On behalf of my team at the Botanic Garden, I want to echo President McCartney’s statement and share with you again that the Botanic Garden of Smith College is committed to action. As we wrote in our 2019-2024 Strategic Plan, botanical gardens have a critical role to play in addressing discrimination and racism. We are committed to being an institution that resonates with and invites in diverse audiences. We are fully committed to confronting bias and racism in how we work. 

Our efforts to address issues of equity and access must be shaped by and done with the communities we strive to serve better. Recognizing that the horticulture students, botanic garden interns, and work study students we were reaching had been disproportionately white, we reached out to new campus partners to prioritize building relationships with students of color so as to ensure more equitable access to Botanic Garden opportunities and resources, and to nurture the development of more diverse future garden leaders. This strategy is working; we have gained many new campus partners along the way, and our institution is better for it. Additionally, prompted by—and in collaboration with—student leaders, we have held listening sessions with campus Unity organizations to hear directly from students of color about their experiences in our spaces. What we heard resulted in a new focus on reaching students of color as they arrive at Smith so they are better able to access all we have to offer. 
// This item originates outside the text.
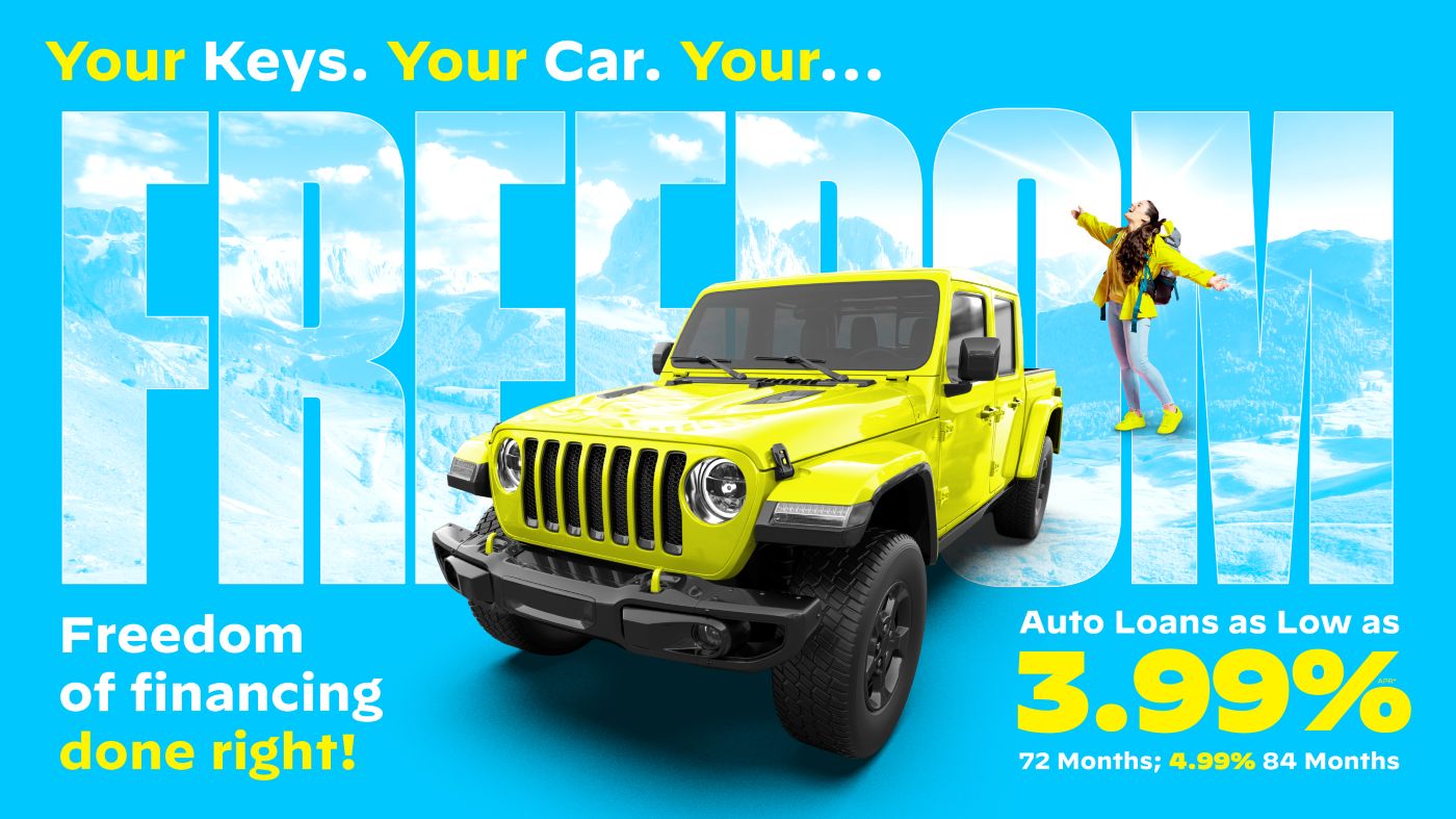*APR=Annual Percentage Rate. All loans subject to credit approval. Rates, terms, and conditions are subject to change and may vary based on credit worthiness, qualifications, and collateral requirements. 3.99% APR up to 72 Months OR 4.99% up to 84 Months on 2023 Model Year or newer. Minimum loan amount for this offer is $20,000.00. Minimum credit score of 650. Offer valid on new money only and cannot be used on existing First Capital Federal Credit Union loans. Valid on automobile and motorcycle purchases only. Maximum Loan to Value (LTV) on 72 Month Term will be 115% and the 84 Month Term will be 100%. Additional restrictions may apply. Estimated monthly payment of $15.65 per $1,000.00 borrowed at 3.99% APR for 72 months. Estimated monthly payment of $14.14 per $1,000.00 borrowed at 4.99% APR for 84 months. Cannot be combined with any other offer other than the FirstCapital Star Rewards® 3-star discount. Effective April 1 - June 30, 2026. Federally Insured by NCUA.

As an institution of learning, we seek to prepare students to be change agents by being open to them changing us. The Botanic Garden of Smith College became a lab for students in Anthropology 200/300 this spring as they interviewed staff, examined our planning documents and programs, and applied ethnographic methodologies that will help us answer the question: How can the Botanic Garden remain legible and meaningful to visitors today in light of the deep social inequities within our society? Their findings will be put to work immediately.

These initiatives are a beginning. Deeper, more difficult work lies ahead. My staff and I will continue to identify and address systems of structural racism and oppression. We will continue preparing future leaders of all identities—elevating those whose lives and voices have been historically marginalized. We will continue to proactively address issues of inequity and injustice in our work, in our spaces, in our collections, in our communications, and in our programming. And we will ask to be critiqued, to be held accountable, and to be challenged to do better and to be better. We invite you to hold us accountable. 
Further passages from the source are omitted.